Krzysztof Gerlach, Managing Director for Corporate Clients and Financial Markets at mBank, pointed out that banking processes are being redesigned to use AI.
Jarosław Królewski, the founder of Synerise, argued that all companies face a "decade of experimentation and searching for identity ". - These models will become very similar to each other, so as organizations we must look for distinguishing features through our culture, through the cooperation of both technology and people - he said and added:
Companies need to learn to discover talent.

Experts emphasized that implementation goals (so-called use cases) must be precisely defined, and not just testing for the sake of testing. As Dr. Dominika Bosek-Rak from the Department of Management Theory at the Warsaw School of Economics noted, it is often the employees themselves who start testing AI. She also shared the results of the analysis that her university conducted in listed companies.
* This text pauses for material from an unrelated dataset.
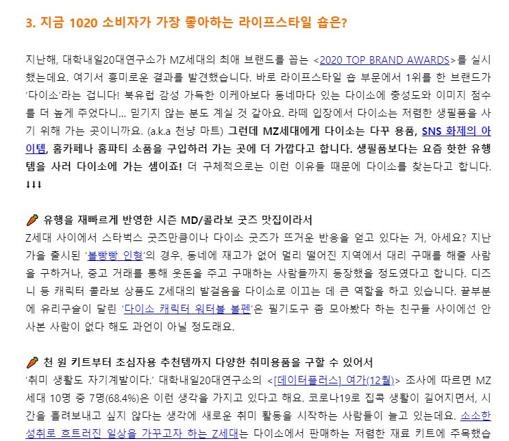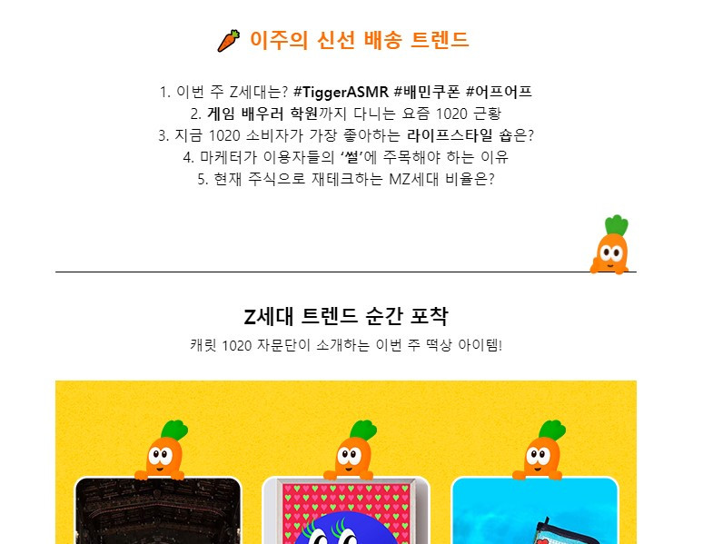 밀레니얼 세대를 대상으로 사업을 하거나 마케팅 업종에 있는 사람이라면 구독을 추천드립니다. 미래의 소비자이자 젊은 트렌드를 이끌어 가는 세대들이 뭘 좋아하고 어떤 것에 반응하는지 한눈에 정리해 주거든요. 쉽게 말해서 유행하는 아이템, 신조어 등 힘 안 들이고 매주 알 수 있죠.

It turned out that all of them are interested in AI and are analyzing the potential for implementation. - 75% of companies are conducting pilots, while 62% declared that they have at least one implementation. At the same time, only one third of listed companies see the potential to reduce costs or increase revenues in connection with the implementation of AI - said Bosek-Rak, adding that as many as 86% of companies do not prohibit employees from using external AI tools. At the same time, 58% do not see the need to create rules for the ethical use of AI in their companies. - This is shocking, considering the fact that they allow their employees to use these tools widely - the researcher concluded.

According to the panelists, in the future AI will be a support, not competition for humans , and companies must build differentiators around organizational culture and the ability to collaborate with technology.